The trial also had a pre-defined "severe" category of COVID-19. By November 7, there were 19 cases in the placebo group and none in those who received the vaccine. As of November 21, it had gone to 30 cases among the placebo group, but the mRNA-1273 group remained without any cases. It's unclear whether this was because the vaccine also limits the severity of infection or because there were so few cases in the vaccinated group that the odds of having a severe case were low.

One good, two better

There's some indication that just one dose of the vaccine is helpful. At the time of the second injection, participants were tested for SARS-CoV-2; 38 in the placebo group had picked up an infection, compared to 14 in the mRNA-1273 group. The difference between placebo and vaccine groups also became significant by 14 days after the first vaccination—two weeks before the booster is normally administered.

 

Side effects were typical for vaccines: the immune response tended to produce some flu-like symptoms, like fatigue, headache, and muscle and joint pain.
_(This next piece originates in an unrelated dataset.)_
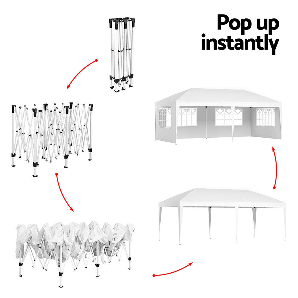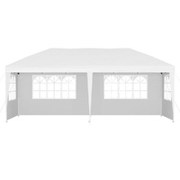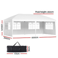 Escape the sun and rain in style with this versatile gazebo! This spacious shelter boasts a generous 300 x 600cm footprint, providing ample shade and coverage for outdoor gatherings. The UV-resistant and waterproof canopy keeps you protected from the elements, while the sturdy legs and struts ensure a stable and secure structure. Quick and convenient Velcro attachments make assembly hassle-free, and the included 4 window panels allow you to enjoy the scenery. All panels are removable and adjustable, allowing you to customize the level of openness. This gazebo is the perfect temporary shelter for various events use it at markets, sporting and school events, camping trips, and trade shows. It even comes with a bonus carry bag for easy transport, along with ropes and pegs to secure it in place. Enjoy the outdoors comfortably and conveniently with this feature-packed and versatile gazebo!
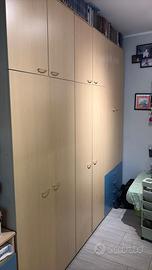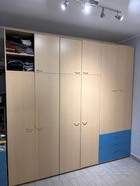 armadio a 6 ante da 90 cm a blocco parte bassa gli sportelli a 2 ante c'è il bastone per appendere gli abiti gli sportelli con la parte alta ci sono 2 ripiani per riporre l'abbigliamento per il cambio di stagione, l'ultime 2 ante la parte sopra sono ripiani e la parte sotto sono 4 cassetti grandi

Problems were more common after the second dose. There were also reports of pain at the injection site and swelling and tenderness of that arm. Severe health events like heart or kidney problems occurred in both groups at roughly equal levels. The one exception was Bell's palsy, a temporary paralysis of facial muscles, which occurred in three people in the vaccine group, but only one in the placebo group.

 

Overall, these results look extremely promising, and similar efficacy was enough to gain an Emergency Use Authorization for the Pfizer/BioNTech vaccine. Having a second vaccine, and the added manufacturing capacity that comes with it, could greatly increase the speed at which public health authorities are able to move through their priority list.